Another issue might be whether we suggest authors to always spread the $attrs object in the warning message, or give them some space to explicitly allow/disallow the attributes end up with in the target element. I saw some React component libs only allow data-*/aria-*/role to be passed through.
@Justineo
suggest authors to always spread the $attrs object in the warning message
That would be my preference, as I'm still not convinced there's a valid use case for whitelisting. I feel like there can always be exceptions where an attribute beyond data-*/aria-*/role is necessary due to a strange requirement in a vendor library or specific accessibility technology.
give them some space to explicitly allow/disallow the attributes end up with in the target element. I saw some React component libs only allow data-/aria-/role to be passed through.

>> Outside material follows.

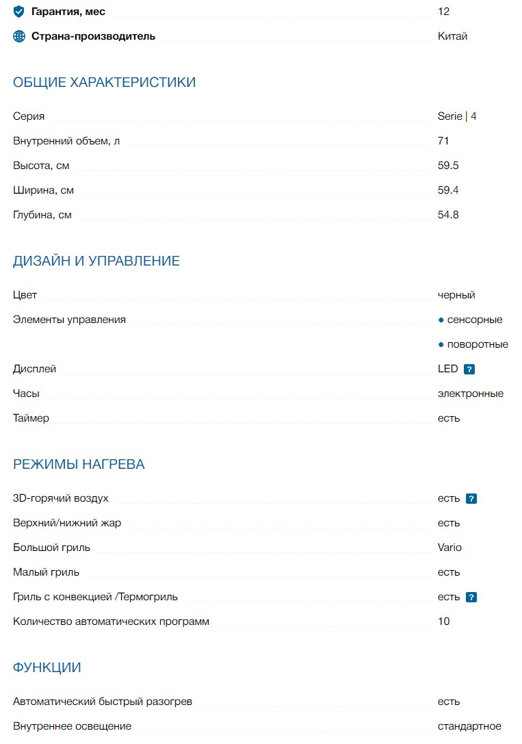 Объём духовки |
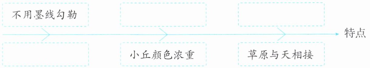 ①选文中 A 句作者直接描写了草原的景色,梳理内容,补充导图。

If users _really_ need to do attribute whitelisting (or blacklisting), they technically already can, e.g. with:
pickBy(
this.$attrs,
(value, key) =>
/^(data|aria)[A-Z]/.test(key) ||
['role'].includes(key)
)
And this would still trigger the getter for $attrs, thus disabling the warning, so I think that should keep those users from complaining.
As this thread has become super long and hard to navigate, let's open separate issues to discuss specific topics.
Open separate issue for attrs fallthrough behavior: #5
Closing in favor of public RFCs.
Most helpful comment
/cc @vuejs/collaborators @octref @Atinux @DanielRosenwasser @alexchopin @clarkdo @pi0 @chenjiahan @johnleider @Leopoldthecoder @KaelWD @icarusion @rstoenescu @rigor789 @Hanks10100
You have been added to this repo either because you are a core team member or as maintainer of notable projects that builds on top of Vue. I'm giving you early access to the WIP repo to provide early feedback on proposed breaking changes to Vue internals. What I am most interested in is how much would the above changes affect your project - for each change, how difficult would it be to adapt to it? Would any of these be a deal breaker? Any of these would really help? Any additional ideas? Any type of feedback is welcome - also keep in mind that this is very early stage and nothing is set in stone yet.